#### Data below:
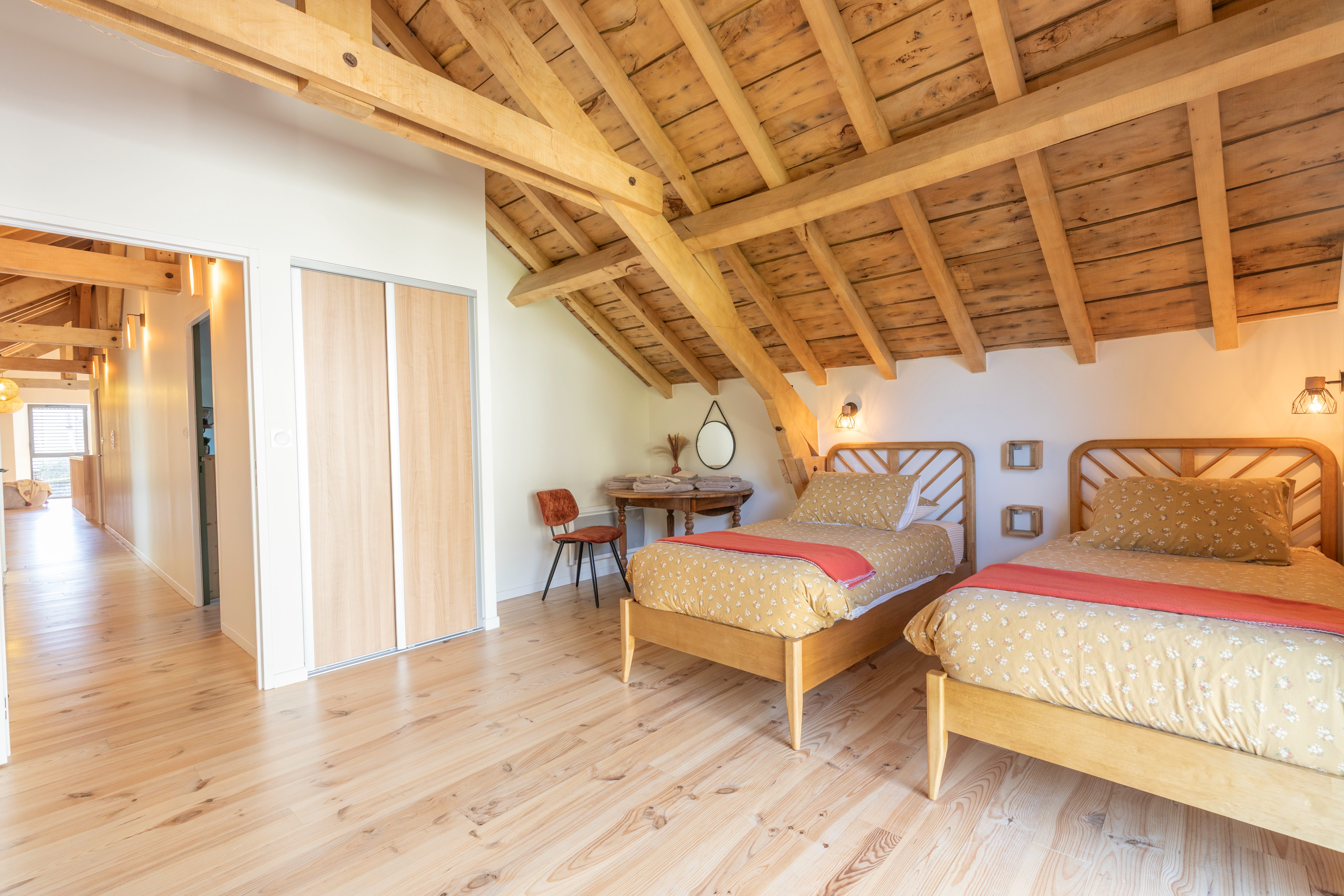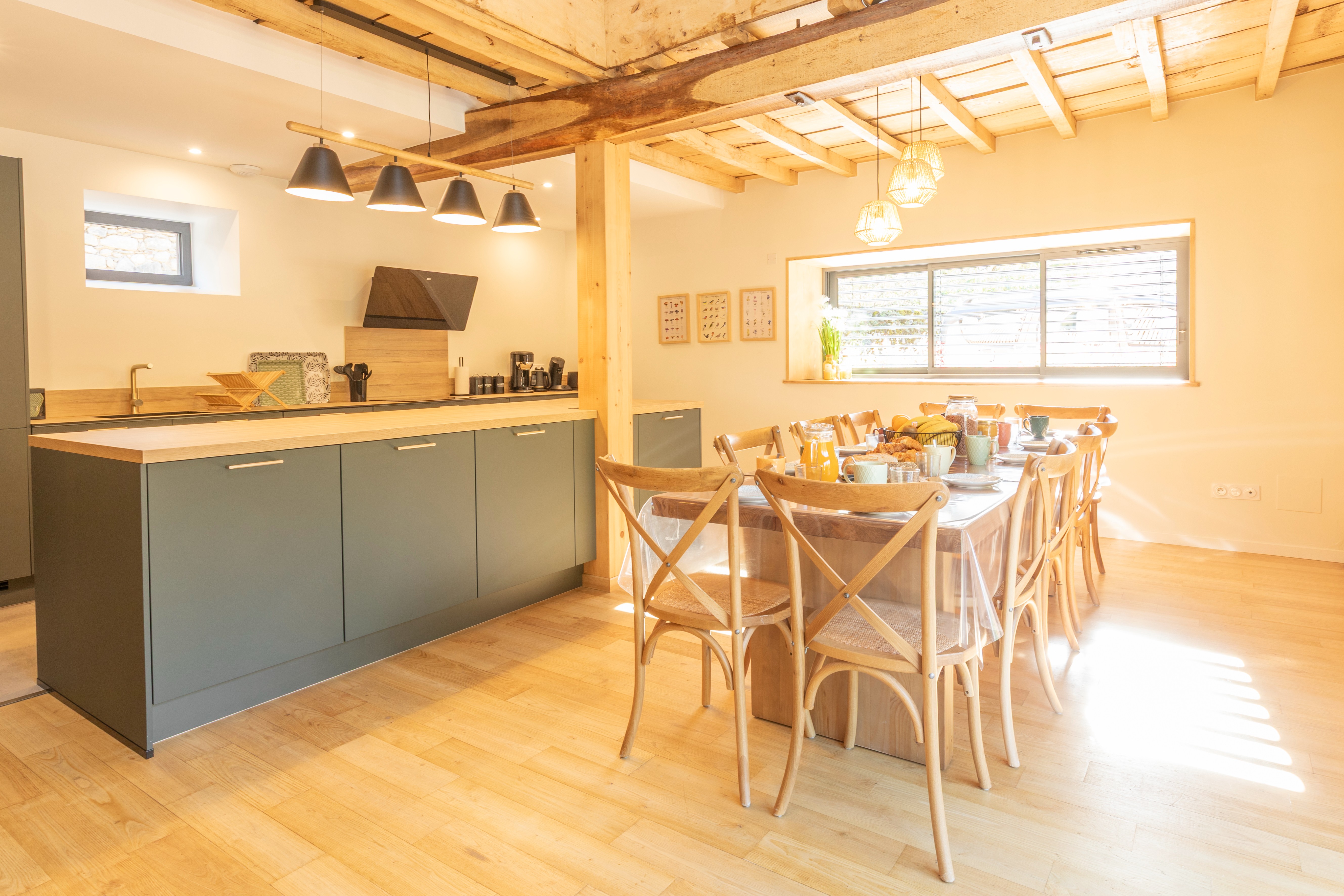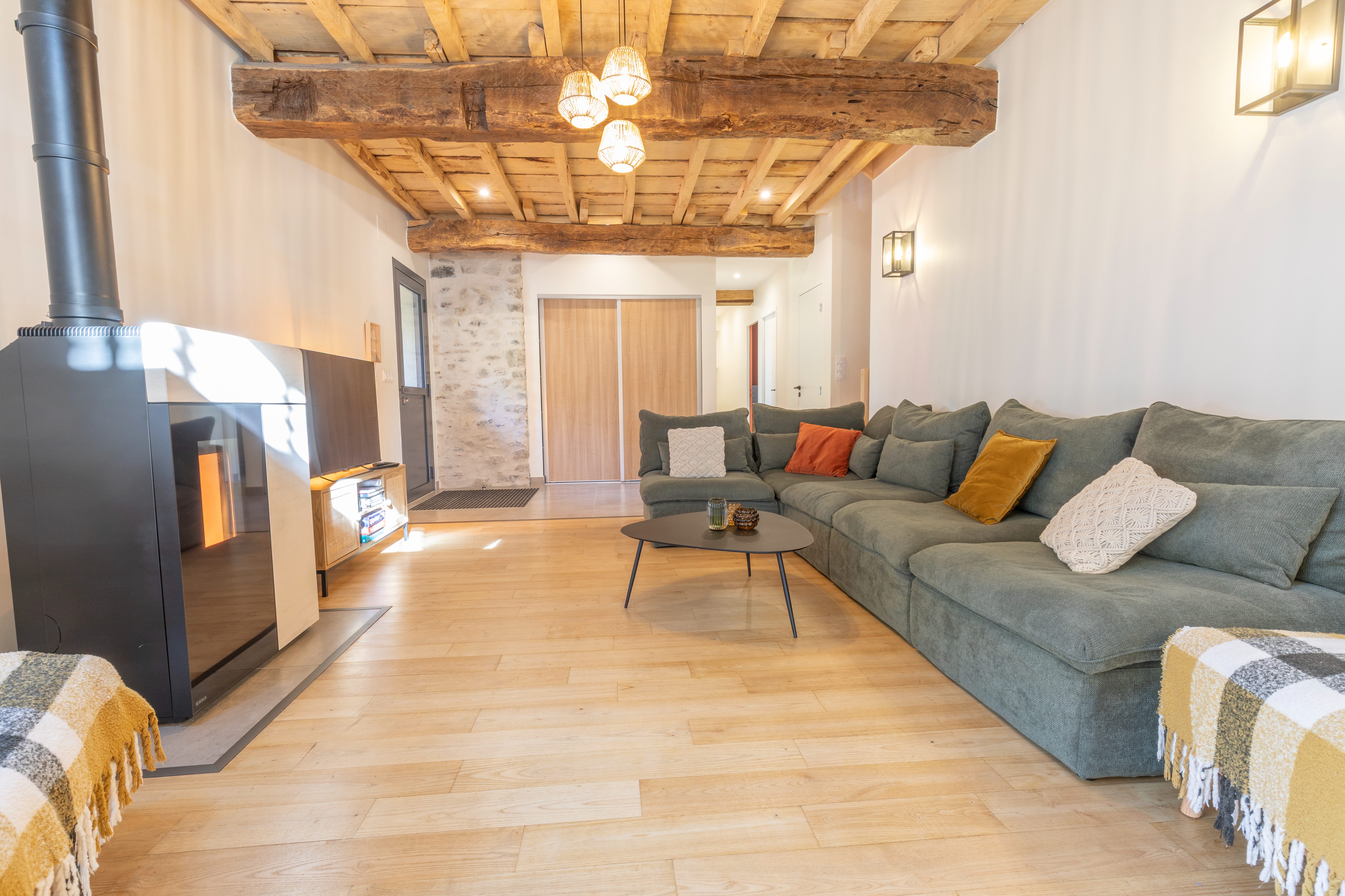 Grange rénovée de 210m² avec goût, comprenant : Au rez-de-chaussée : Cuisine ouverte sur séjour et salle à manger avec buanderie, un spacieux salon avec un poêle à granulés , une chambre avec un lit en 160 (lit séparable en deux lits simples sur demande), un local à skis/vélos, une salle d’eau (douche) et un WC séparé. À l’étage : deux chambres avec un lit en 160 (lit séparable en deux lits simples sur demande) dans chacune, un dortoir avec 4 lits simples, une salle d’eau (douche), un WC séparé et un grand espace jeux avec une TV (sans chaînes) pour y connecter consoles ou applications. Linge de lit et de toilette fourni, lits faits à l’arrivée. Un espace extérieur avec salon de jardin et barbecue un parking privé. Ancienne dépendance de la maison principale des propriétaires également éleveurs sont juste à côté. N’hésitez pas à demander conseil
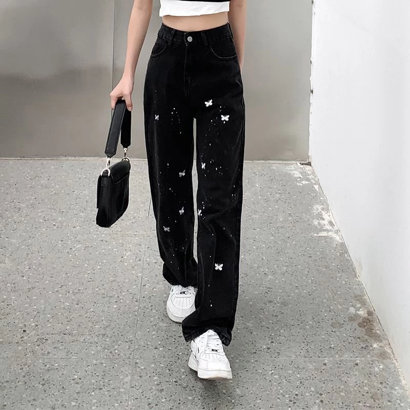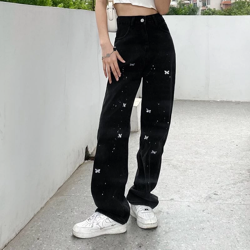 Looking for a stylish and comfortable pair of jeans? Look no further than these embroidery butterfly denim pants! Made from high-quality denim, these pants are perfect for streetwear or any other casual occasion. They feature an all-over butterfly print, as well as a black high waist and wide leg design.
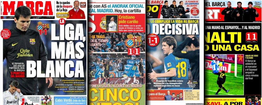 Portadas de las cuatro principales cabeceras de la prensa deportiva española.

#### What is expected:
What you return should be the exact lines from the one containing "Looking for a" through the end of the listing above, both included, minus any pictures.

#### Written answer:
 Looking for a stylish and comfortable pair of jeans? Look no further than these embroidery butterfly denim pants! Made from high-quality denim, these pants are perfect for streetwear or any other casual occasion. They feature an all-over butterfly print, as well as a black high waist and wide leg design.
 Portadas de las cuatro principales cabeceras de la prensa deportiva española.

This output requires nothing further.